If you need to install any of these software yourself, you can do that manually (build from source), but it is faster and easier to do it with Spack. See our guide on installing GCHP’s dependencies with Spack.
These are GCHP’s hardware requirements. Note that high-end HPC infrastructure is not required to use GCHP effectively. Gigabit Ethernet and 2 nodes is enough for returns on performance compared to GEOS-Chem Classic.
Recommended Minimum Requirements¶
These recommended minimums are adequate to effectively use GCHP in scientific applications:
2 nodes, preferably ≥24 cores per node
Gigabit Ethernet (GbE) interconnect or better
100 GB memory per node
1 TB of storage
Bare Minimum Requirements¶
These bare minimum requirements are sufficient for running GCHP at C24. The are adequate for try GCHP out, and for learning purposes.
32 GB of memory
100 GB of storage for input and output data
Big Compute Recommendations¶
These hardware recommendations are for users that are interested in tackling large bleeding-edge computational problems:
A high-performance-computing cluster (or a cloud-HPC service like AWS)

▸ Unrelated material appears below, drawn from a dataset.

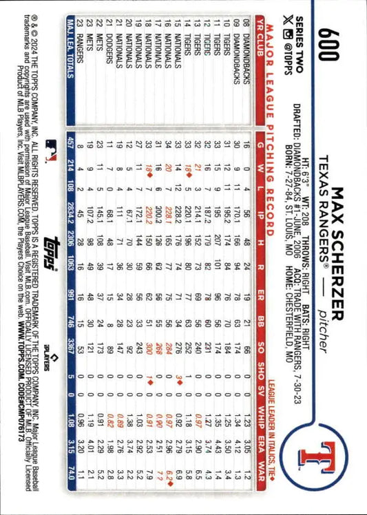 2024 Topps #600 Max Scherzer NM-MT Texas Rangers Baseball Card

>24 cores per node (the more the better), preferably Intel Xeon
High throughput and low-latency interconnect, preferably InfiniBand if using ≥500 cores
Lots of storage. Several TB is sufficient, but tens or hundreds of TB is better.
Hyper-threading may improve simulation throughput, particularly at low core counts
MPI process should be bound sequentially across cores and nodes (e.g., a simulation with 48-processes with 24 processes per node should bind rank 0 to CPU L#0, rank 1 to CPU L#1, etc. on the first node, and rank 24 to CPU L#0, rank 1 to CPU L#1, etc. on the second node). This should be the default, but it’s worth checking if your performance is lower than expected. With OpenMPI the –report-bindings argument will show you how processes are ranked and binded.